Both approaches work. A single AGENTS.md is simpler for small teams — everything is in one place. For large codebases with many agents owned by different teams, splitting into per-domain files reduces merge conflicts and makes ownership clear. The key is consistency: don’t mix the two approaches.
Can I call a subagent from inside another subagent?
Technically yes, but it adds complexity and cost that is rarely justified. Deeply nested agent calls are hard to debug, and the cost compounds with each level of nesting. In most cases, flat orchestration (one orchestrator calling multiple specialized agents) is more maintainable than hierarchical agent trees.
How do I handle secrets inside subagents?
Secrets should never appear in AGENTS.md definitions or be passed as explicit context. Use environment variables that are available to the Claude Code process and instruct agents to read them via the Bash tool or a dedicated secrets management pattern. Log the names of secrets used, not their values.
What is the right retry count for a failing subagent?
Two retries is a reasonable default for transient failures (network timeouts, temporary API errors). For logic failures (the agent returns an error because the input doesn’t match what it expects), retrying with the same input will fail again. Distinguish error types in your error handling and only retry transient failures. For logic failures, escalate to the orchestrator.
How do I keep subagent definitions synchronized with code changes?
Treat AGENTS.md changes as code changes that require review. When a function signature changes, the corresponding subagent’s input schema should be updated in the same PR. Consider adding a CI check that validates AGENTS.md definitions against your actual codebase structure (e.g., verifying that file paths referenced in agents exist).
What is the performance impact of using subagents vs. a single agent?
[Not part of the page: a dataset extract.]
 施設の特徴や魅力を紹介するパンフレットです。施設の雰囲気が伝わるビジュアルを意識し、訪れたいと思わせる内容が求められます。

Subagents add latency: each invocation has API round-trip overhead plus the context initialization cost. For sequential workflows, this adds up. The payoff is context isolation and specialization — but if you are running subagents sequentially and each one is small, a single well-structured prompt might be faster and cheaper. Subagents provide the most value when they run in parallel or when task complexity genuinely requires isolation.
Putting It Together
The twelve practices in this article form a coherent system, not a checklist. Single-responsibility design enables tool restriction. Tool restriction enables cost optimization. Cost optimization requires per-subagent tracking. Tracking requires naming conventions and logging. Logging enables debugging. Debugging requires good error contracts. Error contracts require testing. Testing requires versioned definitions.
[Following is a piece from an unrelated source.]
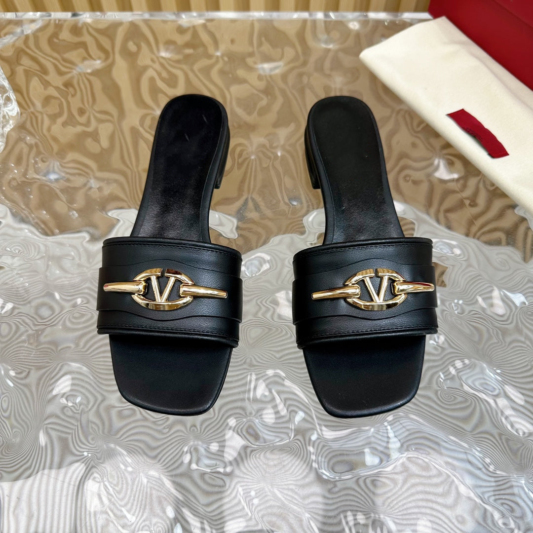 Vlogo Cut-Out Black Calfskin Slide Sandal

Start with the practices that address your current biggest pain points:
- If agents are producing inconsistent output: Best Practices 1, 6, and 12
- If costs are higher than expected: Best Practices 3, 9, and 6
- If debugging is hard: Best Practices 8, 7, and 10
- If maintenance is painful: Best Practices 11, 10, and 12
For the architecture patterns that complement these practices — specifically how subagents compose into larger multi-agent systems — see our Claude Code agent teams guide. For the skills layer that sits alongside subagents in a mature Claude Code setup, read how to write Claude Code skills. For comprehensive hook-based observability across your entire subagent system, the Claude Code hooks complete reference covers every event type you can instrument.
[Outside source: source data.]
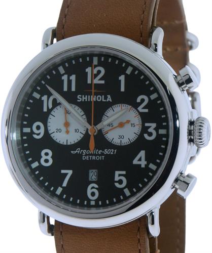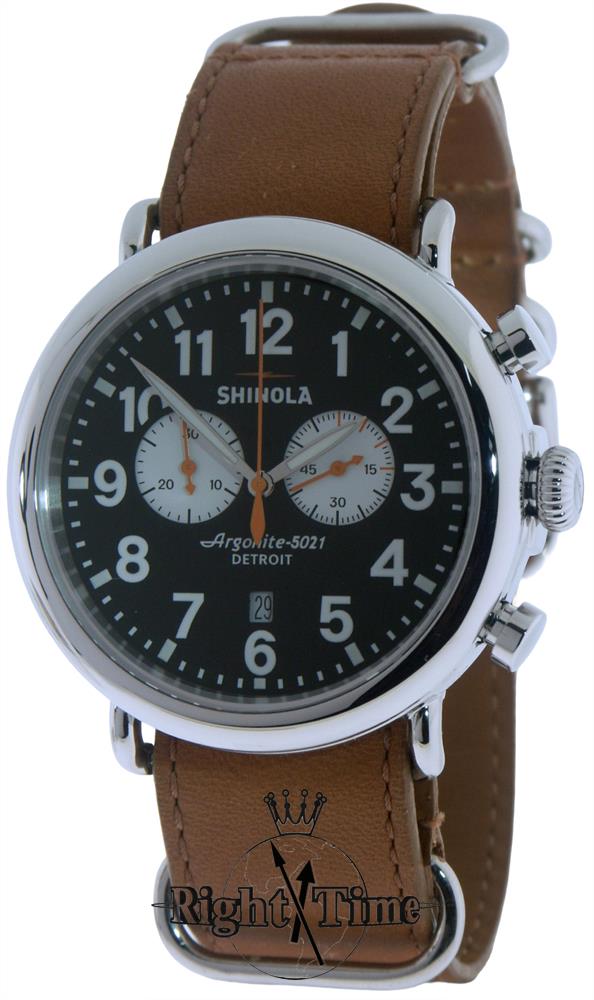 Shinola Runwell collection Model S0100048. Swiss made Ronda quartz movement assembled in Detroit. Polished stainless steel case in 47mm. Black dial with white sub-dials and orange accents. Tan NATO style leather strap. Sapphire crystal.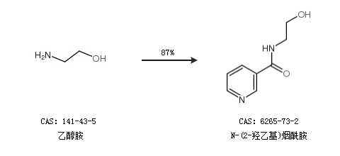1.通过乙醇胺合成N-(2-羟乙基)烟酰胺,收率约87%;
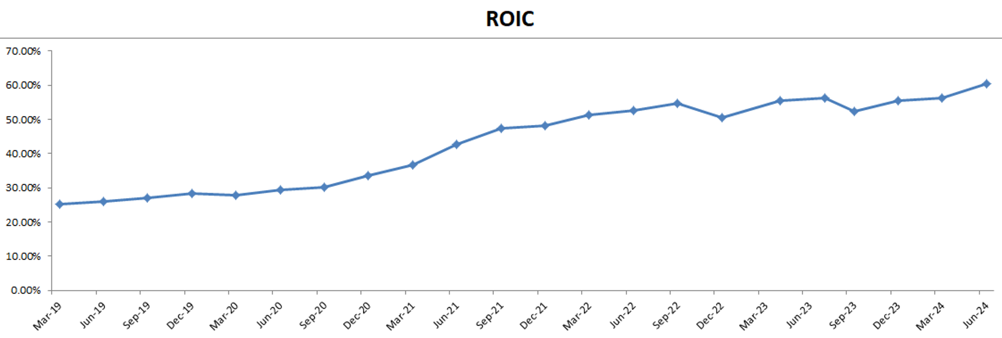 -ROIC有60.52%,表现同样一如既往的惊人

Browse real production AGENTS.md files that apply these patterns in our rules gallery.
The gap between a working demo and a reliable production system is not API knowledge — it is design discipline. Single-responsibility definitions, explicit contracts, and systematic testing are the same principles that make any software system maintainable. Subagents are no different. Apply the same rigor you would to any other production code and they will reward you with consistency, debuggability, and predictable costs.